第329話 15枚目:戦闘(?)開始

 どうやら『本の虫』の人達が対ヒラニヤークシャ(魚)戦闘用のスレッドを立ててくれたようで、結構な勢いで流れていくその画面を表示させっぱなしで戦闘(?)することになりそうだ。

 カバーさんと「第一候補」へは【鑑定☆】結果のスクリーンショットも送っているし、どうやら無事私の推測も伝わったらしい。スレッドの流れが討伐ではなく、行動をどうやって封じるかという方向になっている。

 まぁ正直、私も啖呵は切ったが実際にトドメを刺せるかと言うと、難しいだろうと思っている。むしろ想定外の出現でどっかバグが出ていないことを祈るぐらいだ。


「さてそろそろ魔法は届きそうですが、本当にどうしたものですかねぇ……」


 とは言え、流石にこのままひきつけ続けるのは無理がある。ログイン制限があるし、私だってイベントには参加したいのだ。なのでどうにか、イベントで正規の討伐あるいは強制送還手段が出てくるまでの時間稼ぎとして、拘束系の手段が使えればいいんだけど。

 まぁそれもトライ&エラーで片っ端から試していくしかない。いやほんとに。イベント終わるまでは無敵とか言うなよ? 【鑑定☆】したから起動したんであって放っておけば平和……とか言うなら、まぁ一回ぐらいのデスペナは甘んじて受け入れよう。

 ははは、そうなったらエルル達が居なくて良かったな。テイム主が死亡しても巻き添えで死に戻りとかは無いし。……いや、私の死亡を察知して2人がブチギレる可能性があったか。じゃあダメだな。


「と。えーと何々。……氷属性の魔法で周囲にある海水を凍らせてください? ダメージは無くていいから出来るだけ広範囲を……って事は、あれか。氷漬けにして動けなくなるかどうか確認するのか」


 とか考えながら、走る速度は変えずに私宛として書き込まれたレスを読む。なるほど。まぁそれが出来れば一番手っ取り早いし後の被害も抑えられるな。何ならその状態を維持するのも簡単だ。何せ水気を与え続ければ、勝手に氷の厚みは増していく環境だし。

 流石神の化身と言うべきかこちらの動きを学習しているらしく、微妙に当たり判定のある咆哮の時間が伸びて追尾してくるようになっている。まぁ自分にバフを乗せればまだまだ逃げ切れるんだけど。

 東へ走っていたので、背後に感じる圧が緩んだのを確認し、ヒラニヤークシャ(魚)が息継ぎしているのを確認してから西へと転身。氷、凍らせる、んーなら使い慣れたこれで。


「後はタイミングですが……流石に回避中は、詠唱はともかく保持が出来ません、しっ!」


 きっちりこちらに狙いを定めてから当たり判定のある咆哮を放つようになっているので、最初は緩めの速度で走り、放ってくる瞬間に一気に速度を上げて走るようにしている。いやぁ、こつこつ真面目にレベル上げをしていて良かった。
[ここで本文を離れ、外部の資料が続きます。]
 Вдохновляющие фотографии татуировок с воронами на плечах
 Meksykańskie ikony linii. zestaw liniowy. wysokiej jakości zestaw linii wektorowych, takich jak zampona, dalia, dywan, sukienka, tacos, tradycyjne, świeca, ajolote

 当たり判定の痕跡からして間違いなく直線の形をしているのに、バカバカしくなるほどの効果範囲を持つ咆哮というか音のブレス。多少の加減も手抜きもしているとはいえ、ステータスの暴力である私が逃げるのに割と全力っていうのは、普通の召喚者プレイヤーでは見てからの回避はほぼ不能という事になる。
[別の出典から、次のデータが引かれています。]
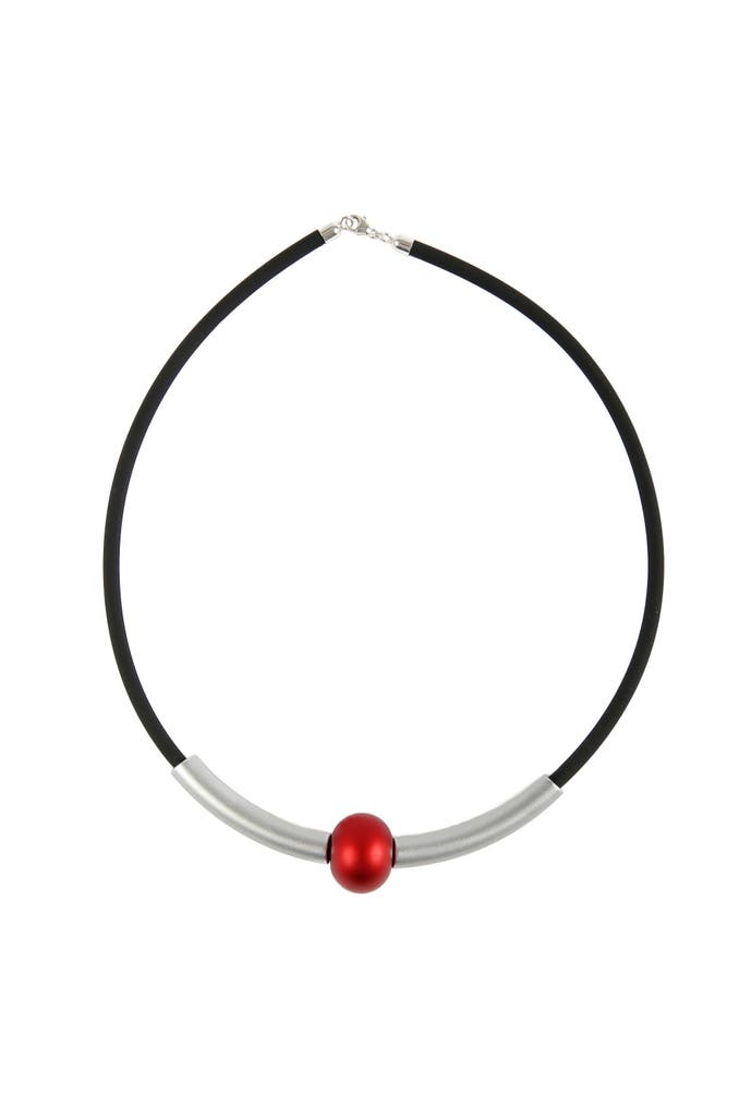 DEMarie - Damen-Collier Aluminium eloxiert rot silber Kautschukband 45cm

 まぁだからさっきから何度も逃げ回ってるんだけど。ここまで同じ動作を繰り返させれば、流石に誰だって始めと終わりの予備動作に当たりぐらいは付けられるだろう。


「[流れゆく形無きものに形を与える冷気よ――]」


 そう。中身が運動オンチで、アクションゲームが苦手な私ですら、だ。

 あと数秒で咆哮が終わるというタイミングで詠唱開始。進路は変えないしバフは最低限、【結晶生成】も使わず宝石を食べてもいないので、いつもの威力は出ないが今は構わない。というか、多少侮られる程度がちょうどいいだろう。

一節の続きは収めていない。